For full documentation, please visit <https://sideretro.readthedocs.io>.
### Features
When detecting retrocopies, **sideRETRO** can annotate several other features related to each event:
* **Parental gene**
The gene which underwent retrotransposition process.
* **Genomic position**
The genome coordinate where occurred the retrocopy integration event (chromosome:start-end).

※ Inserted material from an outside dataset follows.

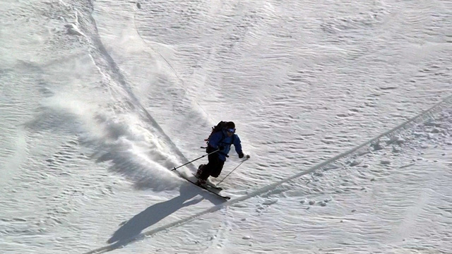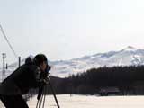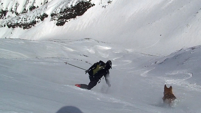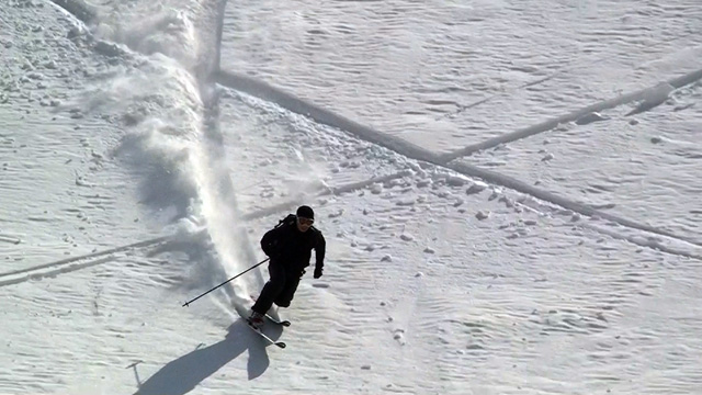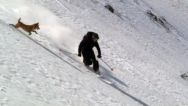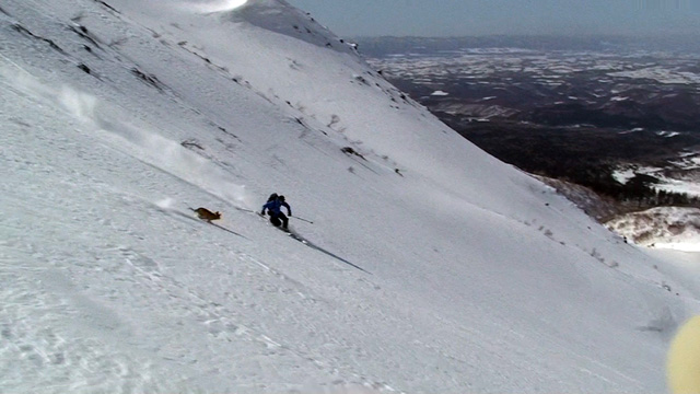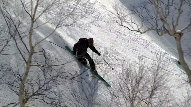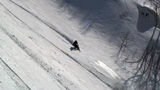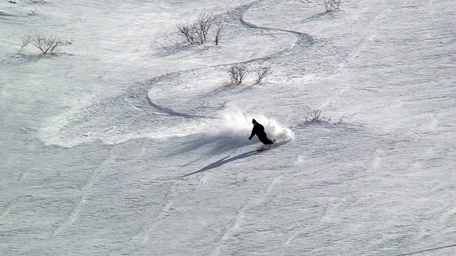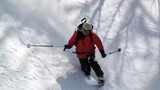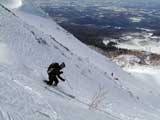 ファーストはマッキー。未知の雪質へ猛然と突っ込んでいく。

It includes the insertion point (the expected exact point of each retrocopy insertion).
* **Strandness**
Detects the orientation of the insertion (+/-). It takes into account the orientation of insertion,
whether in the leading (+) or lagging (-) DNA strand.
* **Genomic context**
The retrocopy integration site context: If the retrotransposition event occurred at an intergenic or
intragenic region - the latter can be splitted into exonic and intronic according to the host gene.
* **Genotype**
When multiple individuals (genomes) are analyzed, **sideRETRO** discriminates events found in each one.
That way, it is possible to distinguish whether an event is exclusive or shared among the cohort analyzed.
* **Haplotype**
Our tool provides information about the ploidy of the event, i.e., whether it occurs in one or both homologous
chromosomes (homozygous or heterozygous).
## Getting Started
### Installation
The project depends on [Meson build system](https://mesonbuild.com) and [Ninja](https://github.com/ninja-build/ninja)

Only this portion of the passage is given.